The true and the gray: Ambiguity in the human condition
Like most artists, the sculptor and painter Anselm Kiefer favors certain hues and materials. His chosen hue is gray, in all its shades, and gray is nothing if not shaded. His favorite material is lead, which is, yes, grayish. His maxim: “The truth is always gray.”
Gray does not show up among the liturgical colors of the Christian year. Advent, which formerly called for purple, is now the season of blue. Red and green are not colors for inside the sanctuary as of Christmas Eve or Morning, but they do complement the proper white. Like white, black has its annual moment, but that is a very brief one. But no gray. Should there be? Should Kiefer be an artist for the church as well as the gallery?
The one who says “the truth is always gray” will not always be treated as a truth teller. He will be scorned by the absolutists. Those who say reality calls for an appreciation of gray will be dismissed by many as temporizing, wishy-washy or compromising. The scorners of gray often get the plaudits these days. We have heard orthodox religious hard-liners speak appreciatively of the black-and-white polarizers: “By God, at least they’ve got convictions!”
If Islamic militants are dead sure that they are right, then we, it is said, had better be democratically and Christianly right—or else. The patron saint of the absolutists is the person observed by Mr. Dooley: the fanatic is someone who knows he’s doing exactly what the Lord would do if the Lord were in possession of the facts.
Because ambiguity, contradiction and paradox are the human condition, the truth about it is gray. Half a century ago, theologian Paul Tillich was celebrating the dialectic so much that the press—I think of a Time magazine cover in 1959—treated him as one who balanced Yes and No so evenly that even his thoughts about Christ were colored gray. Jerald Brauer, who had once been an assistant to Tillich, pointed me to an article by Tillich (in The New Being) which showed another side of him: “Yes alone is the advice of a self-deceiving confidence which soon will be shaken by the No of the three gray figures: emptiness, guilt, death. No alone is the advice of a self-deceiving confidence. . . . Yes alone is the arrogance which claims that its limited truth is the ultimate truth, but which reveals by its fanatical self-affirmation how many hidden No’s are present in its ground.”
Then to the point: “There is only one reality where there is not Yes and No but only Yes: Jesus as the Christ.” His birth and what follows represent the decisive Yes over against the gray No figures of emptiness, guilt and death.
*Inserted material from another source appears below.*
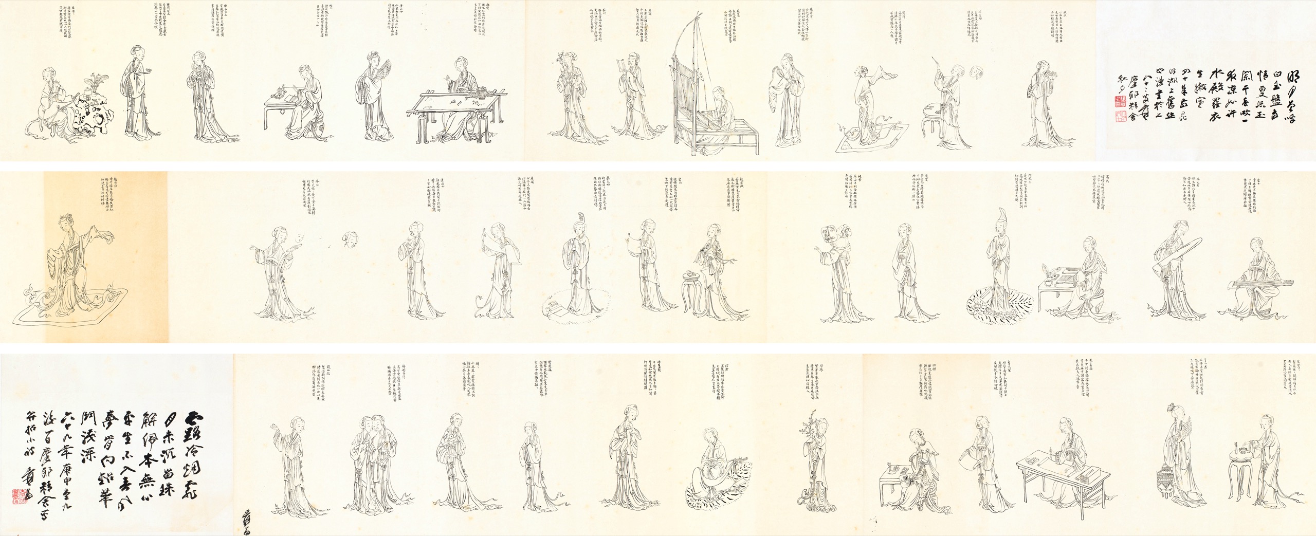 此卷為大千先生臨明代仇英《千秋絕豔圖》之粉本,全長6 米餘,純以水墨白描寫成,乃其「血戰古人」階段之重要遺存。雖曰粉本,實則畫心之外,更附大千82 歲高齡於摩耶精舍先後補題二詩,詩畫相映,彌足珍貴。

For Kiefer, “The truth is always gray,” but in faith and hope and love it can be illumined. When we celebrate the nativity of Jesus, the event of the incarnation, we will hear John 1: “And the Word became flesh and lived among us [dwellers in the gray area] and we have seen his glory, the glory as of a father’s only son, full of grace and truth.” All truth except one, then, is gray: “The light shines in the darkness, and the darkness did not overcome it.” Tillich moved beyond that abstraction when he preached on Jesus Christ, who as Paul said “was not Yes and No; but in him it is always Yes. For all the promises of God find their Yes in him” (2 Cor. 1:19-20). Having witnessed that in the sanctuary, we can be more ready to return to the world where “the truth is always gray,” and illumine it. So we were promised.